◆ Items from a dataset:
-*-

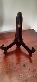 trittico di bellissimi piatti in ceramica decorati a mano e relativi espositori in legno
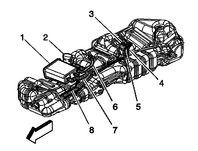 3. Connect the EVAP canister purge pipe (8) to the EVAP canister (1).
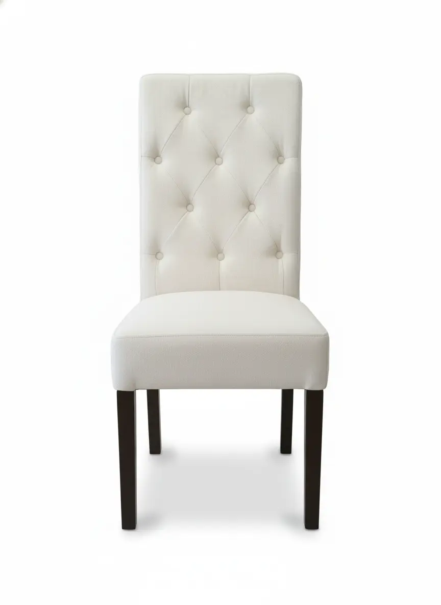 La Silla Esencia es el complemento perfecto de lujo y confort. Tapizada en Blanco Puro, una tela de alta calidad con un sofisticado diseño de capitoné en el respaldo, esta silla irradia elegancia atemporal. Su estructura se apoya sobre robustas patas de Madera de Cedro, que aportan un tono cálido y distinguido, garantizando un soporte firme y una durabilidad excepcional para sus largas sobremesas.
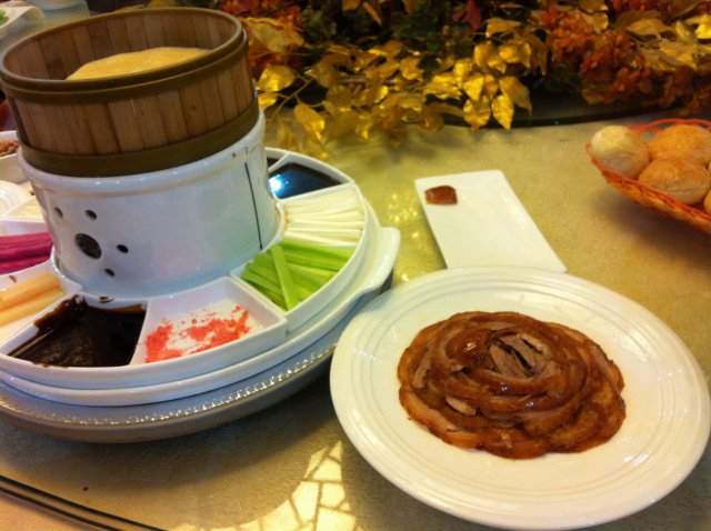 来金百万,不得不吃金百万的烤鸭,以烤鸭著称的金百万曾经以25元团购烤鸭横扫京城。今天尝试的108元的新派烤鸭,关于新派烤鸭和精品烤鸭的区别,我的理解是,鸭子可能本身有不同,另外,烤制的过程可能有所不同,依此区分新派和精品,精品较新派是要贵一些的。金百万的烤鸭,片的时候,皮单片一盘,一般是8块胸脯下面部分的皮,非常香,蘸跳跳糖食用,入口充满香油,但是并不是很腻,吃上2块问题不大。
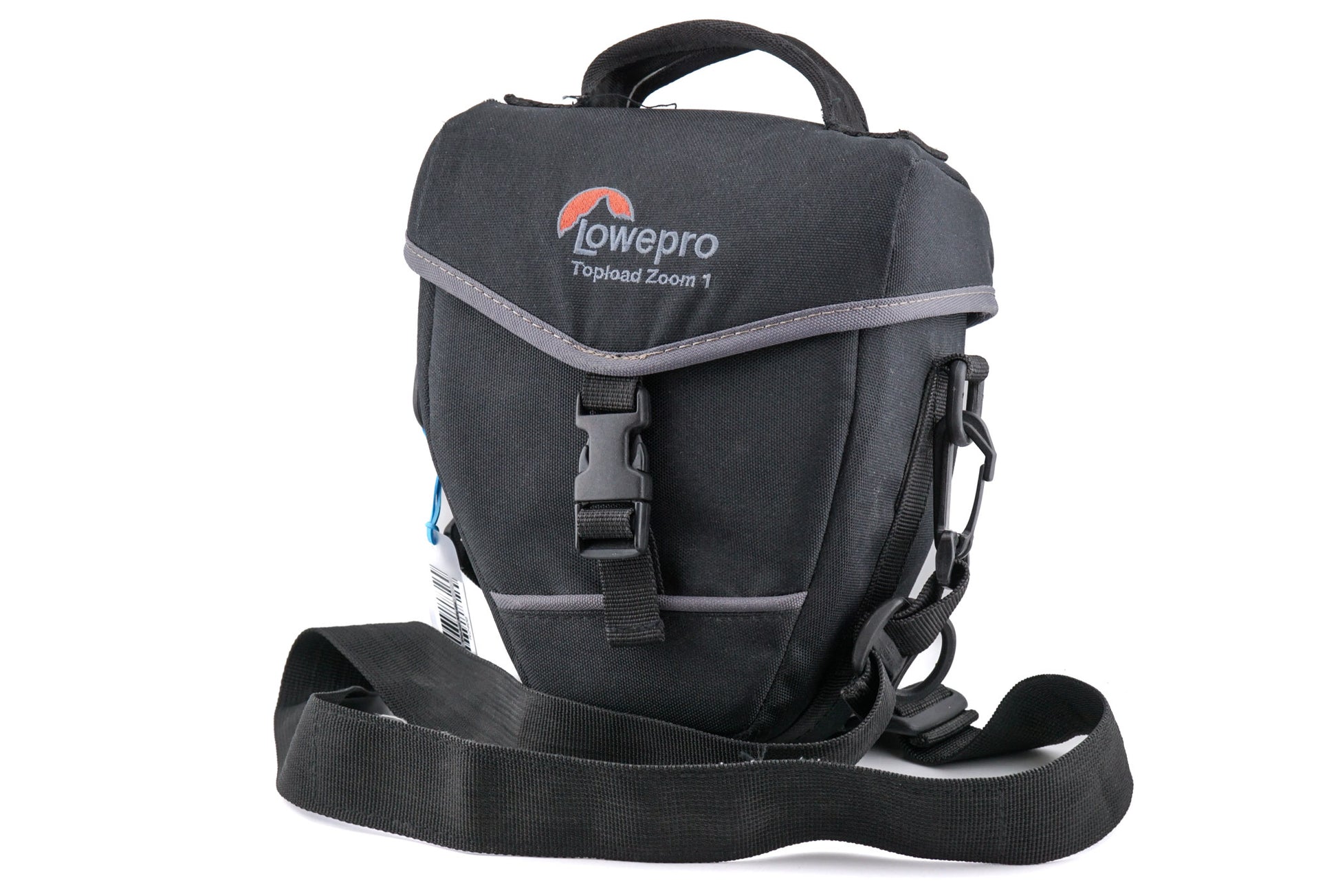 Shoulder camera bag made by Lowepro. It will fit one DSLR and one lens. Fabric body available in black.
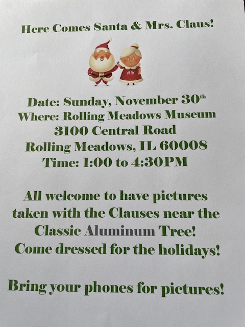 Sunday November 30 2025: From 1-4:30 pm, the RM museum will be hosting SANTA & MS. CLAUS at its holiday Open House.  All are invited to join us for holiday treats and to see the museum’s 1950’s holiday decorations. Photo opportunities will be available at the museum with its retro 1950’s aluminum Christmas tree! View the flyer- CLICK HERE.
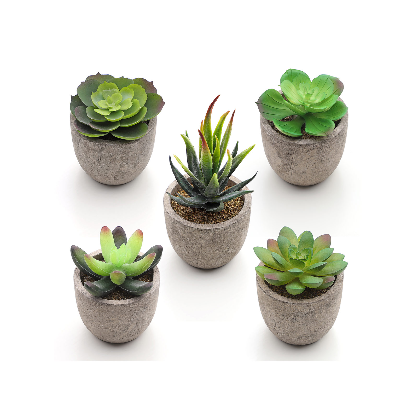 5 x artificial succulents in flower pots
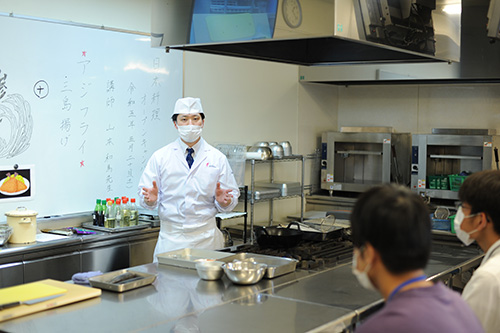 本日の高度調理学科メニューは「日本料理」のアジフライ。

-*-

◆ EXERCISE OBJECTIVE: Where the line containing "Sunday November 30" appears above, start there and set down each line exactly through the last line of the data; leave out every picture.

◆ EXERCISE SOLUTION:
 Sunday November 30 2025: From 1-4:30 pm, the RM museum will be hosting SANTA & MS. CLAUS at its holiday Open House.  All are invited to join us for holiday treats and to see the museum’s 1950’s holiday decorations. Photo opportunities will be available at the museum with its retro 1950’s aluminum Christmas tree! View the flyer- CLICK HERE.
 5 x artificial succulents in flower pots
 本日の高度調理学科メニューは「日本料理」のアジフライ。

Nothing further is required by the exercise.